Strings can be indicated by single (`'`) or double (`"`) quotes -- it makes no difference at all, and is merely a convenience.

"Escaping" (use of the backslash `\` before a character) can be used also.


```python
greeting = 'Welcome to "Introduction to Python"'
print(greeting)

greeting = "Welcome to \"Introduction to Python\""
print(greeting)
```


In [None]:
# Your turn


Strings may also be indicated by the use of triple quotes (`'''` or `"""` may be used).

```python
cheesemakers = '''
Man: I think it was, "Blessed are the cheesemakers"!
Gregory's wife: What's so special about the cheesemakers?
Gregory: Well, obviously it's not meant to be taken literally. It refers to any manufacturer of dairy products.
'''
print(cheesemakers)

```

In [None]:
# Your turn


#### String Methods

**String**s in Python have some special behaviors attached to them (called _method_s) that perform common tasks.
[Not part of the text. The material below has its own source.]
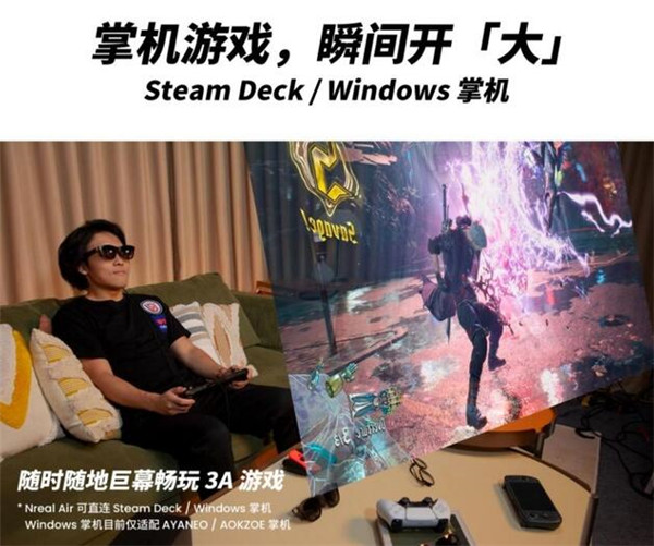 10 月 25 日,穿戴 AR 眼镜品牌 Nreal 官方宣布,Nreal Air AR 眼镜迎来重磅升级,正式适配 PS 和 Xbox 游戏主机。目前,Nreal Air AR 眼镜已经全面适配 PS、Xbox、Switch、PC、Steam Deck、Windows 掌机、平板、手机等主流游戏设备。

Let’s look a case-manipulation, for example:

```python
print("monty python’s flying circus".upper())
print("MONTY PYTHON’S FLYING CIRCUS".lower())
```

Case-manipulation is unicode-aware(but don't make the mistake of thinking this solves all problems!).

```python
print("norsk blå papegøye".upper())  # "Norweigian Blue parrot" in Norweigian :)
```

Capitalization is mostly trivial...
```python
print("monty python’s flying circus".capitalize())
```

...but it takes a naïve approach to title-case.
```python
print("monty python’s flying circus".title())
```

In [None]:
# Your turn


Strings also provide the .replace() method, which behaves as expected:

```python
brian = "Brian is the Messiah!"
print(brian)
brian = brian.replace("the Messiah", "a very naughty boy")
print(brian)
```

In [None]:
# Your turn


The `.strip()` and `.split()` methods are amongst the most commonly used, and are especially useful when dealing with data from external sources.

```python
# .split() breaks a string into pieces, and returns those pieces as a list
input_string = 'Monty Python and the Holy Grail'
input_string.split()
```

```python
# .split() takes an argument which specifies the sequence to split on
knights_of_the_round_table = 'Sir Bedevere the Wise, Sir Lancelot the Brave, Sir Galahad the Pure, Sir Robin the Not-Quite-So-Brave-as-Sir-Lancelot, Sir Not-Appearing-in-this-Film'
knights_of_the_round_table.split(',')
```

In [None]:
# Your turn:


In the previous examples we have some extraneous white-space in the strings in our list. For the knights_of_the_round_table we could remove this by splitting on ', ' (try it!), but in “the wild”, we commonly need to clean-up the text that we read into our programs, and the .strip() method is a good first step.

```python
print(cheesemakers.split('\n'))
# because cheesemakers.strip() returns another string, we can chain these operations:
print(cheesemakers.strip().split('\n'))
```

Strings have many other useful methods -- use Google Colab’s tab-autocompletion feature to see what’s available.